That is the crux of the latest Canadian housing market forecast from Royal LePage, among the country’s largest realtors, which was released today alongside its pricing survey spanning 53 large local markets.
“The frenetic pace of our country’s largest housing markets should moderate throughout the year ahead,” said Phil Soper, Royal LePage’s president and CEO, in a statement.
By the end of 2015’s fourth quarter, Royal LePage said the aggregate home price, which is based on weighted median prices of bungalows, two-storey homes, and condos, reached $500,688, a 6.5 per cent increase over the same time a year earlier. The real estate company now predicts the aggregate price of a Canadian dwelling will climb 4.1 per cent higher in 2016.
“While most of the country will continue to see house value appreciation in 2016, we expect that the pace of price increases in Greater Vancouver and the Greater Toronto Area — where real estate appreciation has significantly outpaced job and wage growth — will settle to a more sustainable, single-digit price increase trajectory,” Soper continued.
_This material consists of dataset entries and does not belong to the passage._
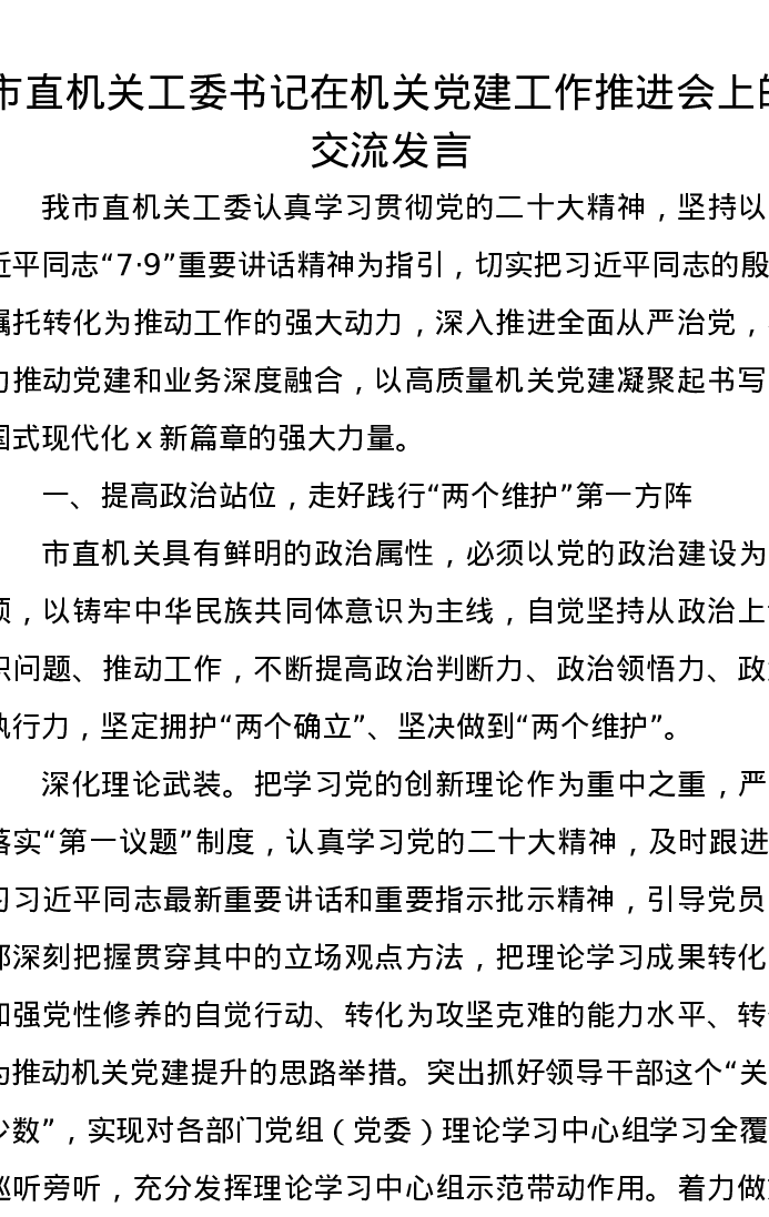 市直机关工委书记在机关党建工作推进会上的交流发言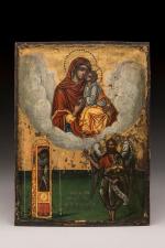 Icône de la Très Sainte Théotokos surmontant Saint Spiridon dans son reliquaire et Saint Jean...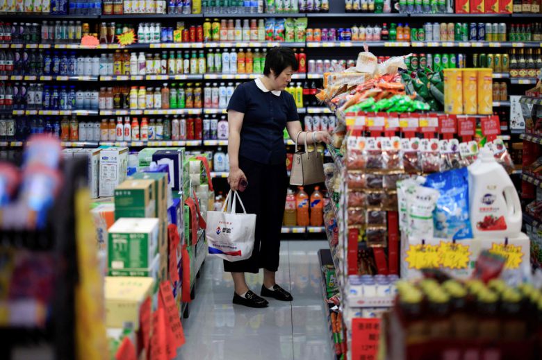 중국 랴오닝성 선양에 있는 한 마켓에서 한 여성이 9일 쇼핑을 하고 있다. 선양(중국)/AFP연합뉴스
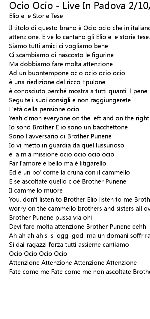 | Il titolo di questo brano è Ocio ocio che in italiano vuol dire Attenzione attenzione. E ve lo cantano gli Elio e le storie tese. | |

In 2015, the aggregate price of a home in the GTA shot up 8.6 per cent to $605,898, spurred by a dearth of inventory. This was especially true in the low-rise segments of the market: for two-storey homes, the median price shot up to $715,252, a 9.7 year-over-year increase, while the median price of a bungalow was $596,842, up 7.8 per cent from a year prior. Condominium units, which are in greater supply, registered a median price of $361,809 for 2015, accounting for a 3.7 per cent rise.
By the end of 2016, Royal LePage expects the aggregate home price in central Toronto to grow 5.5 per cent, shy of the 7.2 per cent increase seen in 2015 for that part of the GTA.
In the Greater Vancouver — the other market Royal LePage has pegged as being susceptible to affordability issues hampering price appreciation — the aggregate price surged to $949,468, 12.4 per cent higher than it was in 2014. The median price of a bungalow there was $1,025,604, which translates to a 16.8 per cent year-over-year increase, which led all housing categories.
Two-storey homes, however, remained most expensive last year with a median price of $1,259,289, up 12.2 per cent over 2014. Meanwhile, the median condo price was $476,213, marking a 7.2 per cent jump.
Royal LePage predicts aggregate-home-price appreciation in Vancouver, Canada’s most expensive market, will slow slightly to 9 per cent, down from the 9.4 per cent surge observed last year.
Despite the effects of lower oil prices leaking into housing markets in the Prairies, “Calgary home prices remained stable during the fourth quarter of 2015, rising 0.3 per cent year-over-year to $459,809,” said Royal LePage in notes provided with the pricing survey and forecast.
However, the realtor doesn’t expect this resilient upwards trend to persist and is calling for the aggregate price of a home in the Calgary region to drop three per cent this year.
“Through the recent period of depressed oil prices, property prices in Canada’s energy-centric regions, particularly Alberta and Newfoundland and Labrador, were more resilient than most onlookers had expected,” said Soper in the statement. “Consumers, reluctant to sell their homes at what they perceived to be a discount to their true value, simply withdrew from the market, resulting in steady house prices and a drop in unit sales volume,” he explained.
“In the coming year we expect to see the delayed impacts of the slowing economy and rising unemployment on the region’s housing stock, with moderate declines in home values.”